United States senators Charles Schumer and Lindsey Graham are in China to obtain first-hand knowledge about China's foreign exchange policy.
Such a fact-finding trip may help the two develop a better understanding of the Chinese approach to dealing with the renminbi issue, the rationale behind it, and the country's foreign trade policy.
The two have become well-known figures here for their claim that China has been manipulating the value of its currency to gain a competitive edge for its exports.
That conclusion, however, was unfair in Chinese eyes. Many people here believe it was the result of lack of understanding about our philosophy and practice.
In July, China revalued the yuan, scrapped its link with the US dollar and began to use a basket of currencies as reference for the yuan's value.

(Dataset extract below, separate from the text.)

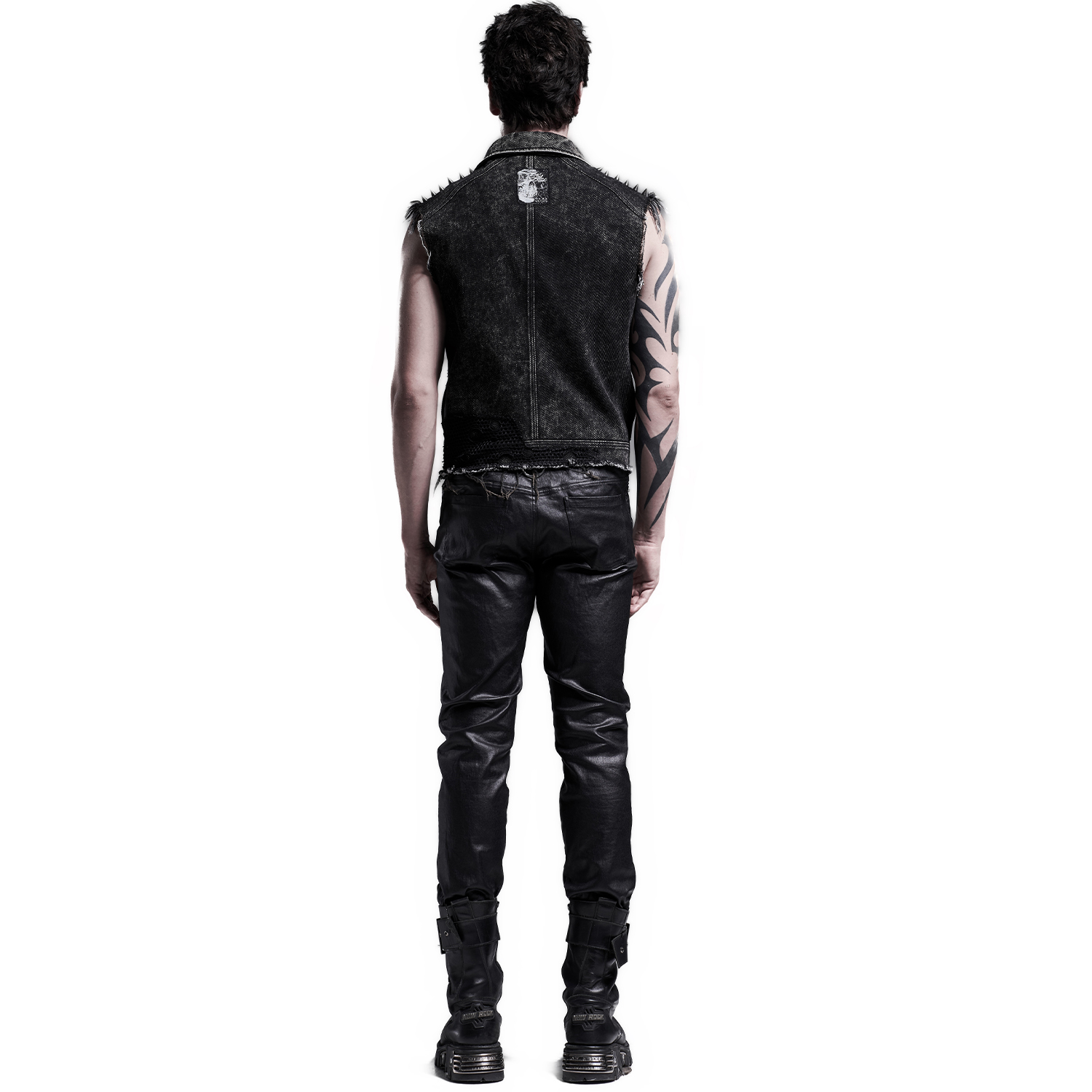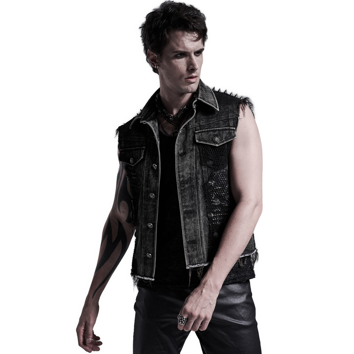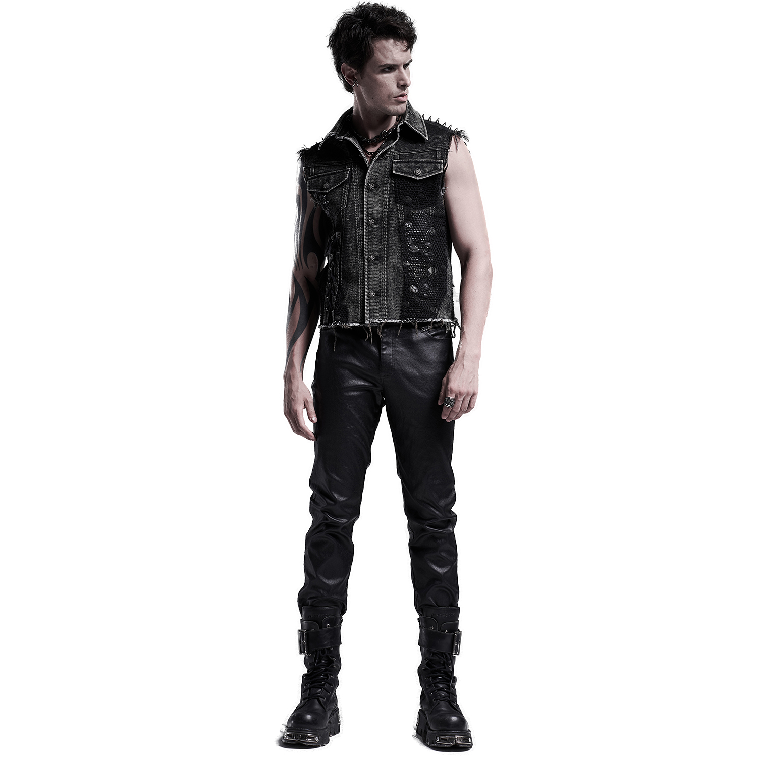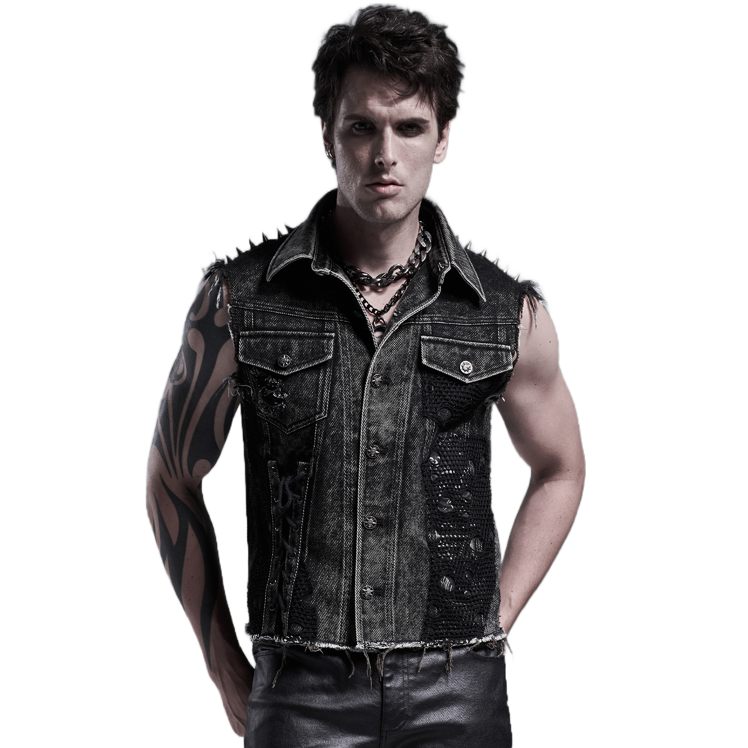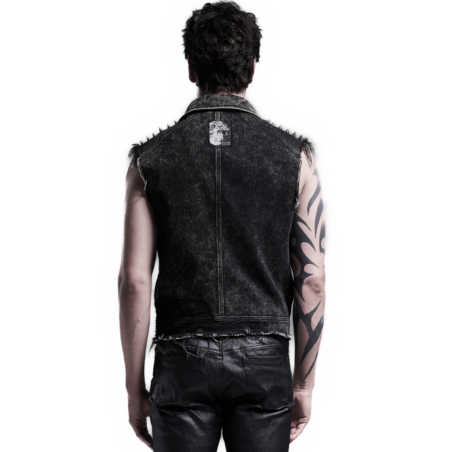 • Distressed denim twill • Three faux leather straps with eyelets, D-rings and studs on both shoulders • Random mesh panels on pockets and armhole • Skull rivets on both pockets • Snap button...

Premier Wen Jiabao said eight days ago that the range for the yuan's fluctuation would be widen. But there will not be a one-off revaluation like the one in July, he said.
Chinese policy-makers are well aware that a more flexible foreign exchange system is an indispensable part of a market-based economic system.
But they also argue that the progress of foreign exchange reform should be in line with economic fundamentals and adaptability of Chinese enterprises, especially those in the financial sector.
Financial reform planners are wary of radical steps because they would certainly cause negative shocks to Chinese firms, the Chinese economy and the region.
It takes time to lift restrictions on capital flow one-by-one. It takes time to introduce risk-hedging tools, which are necessary for managing a more flexible currency. Chinese companies also need time to learn to employ the tools and adapt to the new environment.
An incremental approach is one of the underlying reasons for China's generally successful economic reform during the past decades.
When it comes to foreign exchange, this approach should continue.
After the July reform, market forces have been allowed to play a bigger role in determining the rate of the yuan. Room was left for further changes of the yuan's value, either upward or downward.
Since then, the yuan has gained more than 1 per cent.
In this regard, steady progress towards a more market-based foreign exchange system that suits the country's economic needs is the best approach. There is no hidden agenda such as the pursuit of a big trade surplus.
It is natural that China, as a member of the World Trade Organization, participates in global trade.
However, for an economy the size of China, domestic consumption should be the prime force propelling growth.
Currently, in every official document about growth strategy, stimulating domestic demand is a top priority.
For years, China and the United States have bickered over the size of China's trade surplus.
Chinese economists side with many overseas peers in their belief that the underlying cause for the US trade deficit was its own flawed policies.
While the United States focused on bilateral imbalance, China urged it to observe the issue from the global trade perspective, which would make the imbalance seem less severe.
They also want to remind the Americans that they had neglected US surplus in services trade, which would offset part of its deficit in trade of goods. The US also counts some entrepot trade as trade with China, which results in much larger trade imbalance statistics than those coming from Chinese customs.
It is unlikely that the differences will be settled during the visit of the two senators.
But it is a good opportunity for the Chinese hosts to say this again: US restrictions on some high-tech imports to China are unnecessary. Lifting these restrictions would greatly help American exporters no matter how one calculates the trade figures.